Sigaretje bij het hospitaal

Mijn bezoek en ik waren op deze zaterdagmorgen net te laat de stad ingegaan om er echt wat aan te hebben. Het liep tegen twaalven, en de ene naar de andere winkel ging net voor onze neus dicht, en de kerstmarkt was nog in opbouw. Dan maar wandelen.

Richting de Russisch-Orthodoxe kerk (dicht), kijken of het strudl-winkeltje open was (ook dicht). Dan langs de rivier richting het klooster-militair hospitaal. Een blik werpend op de pub waar ze makrelen grillen (ook al dicht). Maar het hospitaal was wel open, dat gaat in het weekend allemaal gewoon door.

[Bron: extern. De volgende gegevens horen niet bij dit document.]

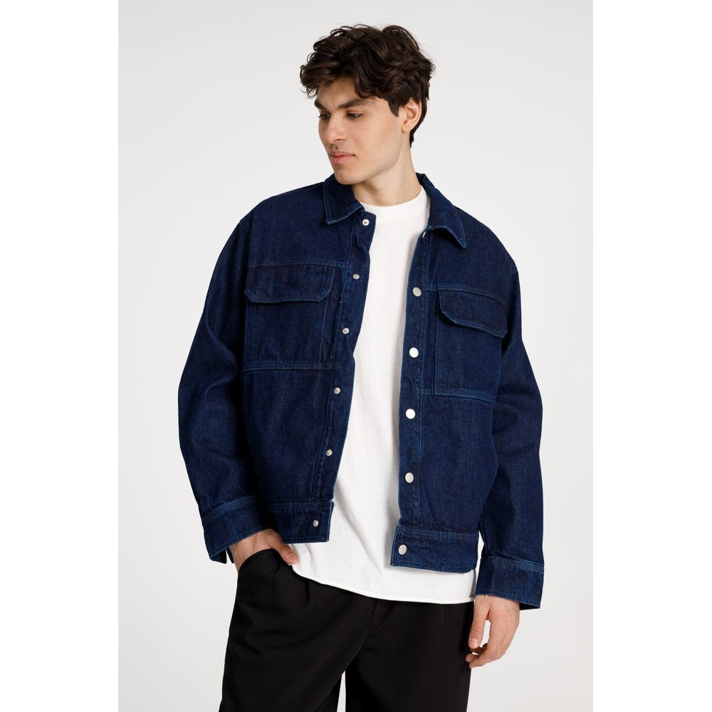 Джинсовая куртка унисекс на кнопках свободной посадки.
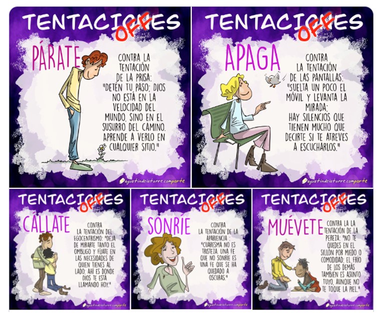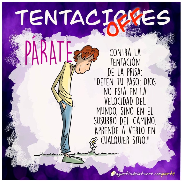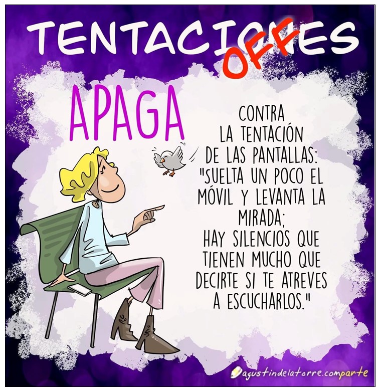 Lo anterior puede ser una sesión. Pero podemos profundizar sobre ello sirviéndonos de las imágenes recientes de Agustín de la Torre, que nos recuerdan que, como Jesús fue tentado en el desierto, también nosotros lo somos en nuestro mundo, pero con otro formato. «Hoy las tentaciones no vienen con piedras que se vuelven pan.Vienen disfrazadas de prisa, apariencia, ego, pantallas y comodidad».
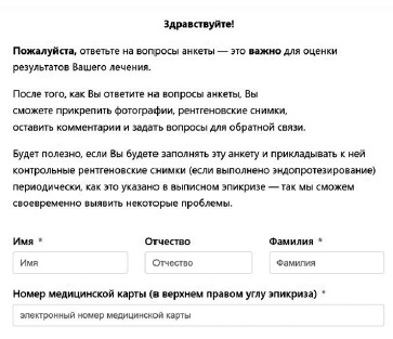 Perhaps the problem of low coverage of patient monitoring after arthroplasty will be solved through modern technologies. The advantage is the simplicity for the patient, for which "archaic" but more understandable web forms were preferred in the pilot project of the Vreden National Medical Research Center of Traumatology and Orthopedics. An important feature is the direct transmission of the results of surveys and control X-rays to the operating physician.
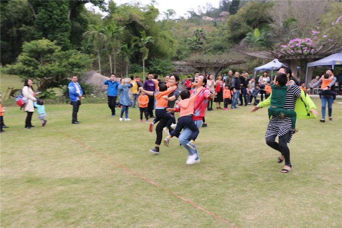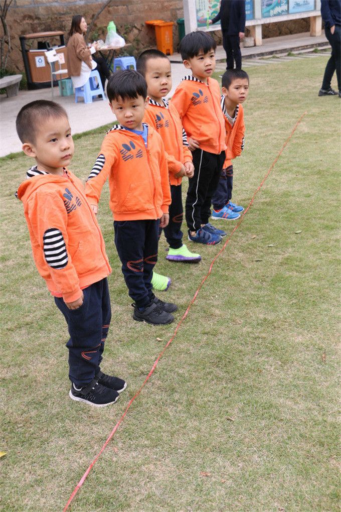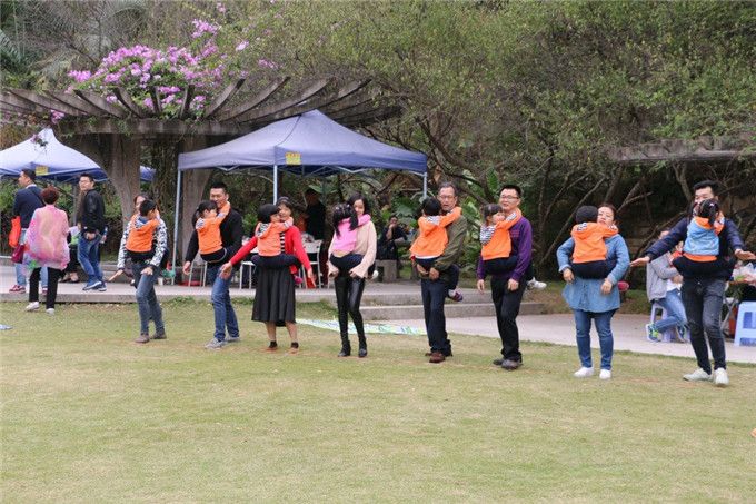 到达蔷薇园后,本次户外活动的重头戏正式登场。首先举行的是“袋鼠跳跳跳”。在张老师的带领下,小朋友们分为四组进行的比赛。该项目每个家庭派出一位宝宝和一位家长,让宝宝双手勾住家长的脖子,双脚缠在家长腰间,家长双手不能触碰孩子任何部位,一起跳完10米的路程,宝宝不掉下来且先到达的获胜。随着欢呼声的此起彼伏,该项目顺利完成。

Het militair hospitaal is een monumentaal, barok bouwwerk. Ik was nog nooit binnen geweest. Er waren twee binnenplaatsen. Leeg, op een oude dame na die een sigaretje zat te roken. Net om de hoek waar de streng afgebakende rookzone ophield, want daar stond tenminste een bankje.

Ze was patiente ja. En het was prettig in dit ziekenhuis. Kleiner dan het faculteitsziekenhuis, de zusters hadden hier tijd voor je.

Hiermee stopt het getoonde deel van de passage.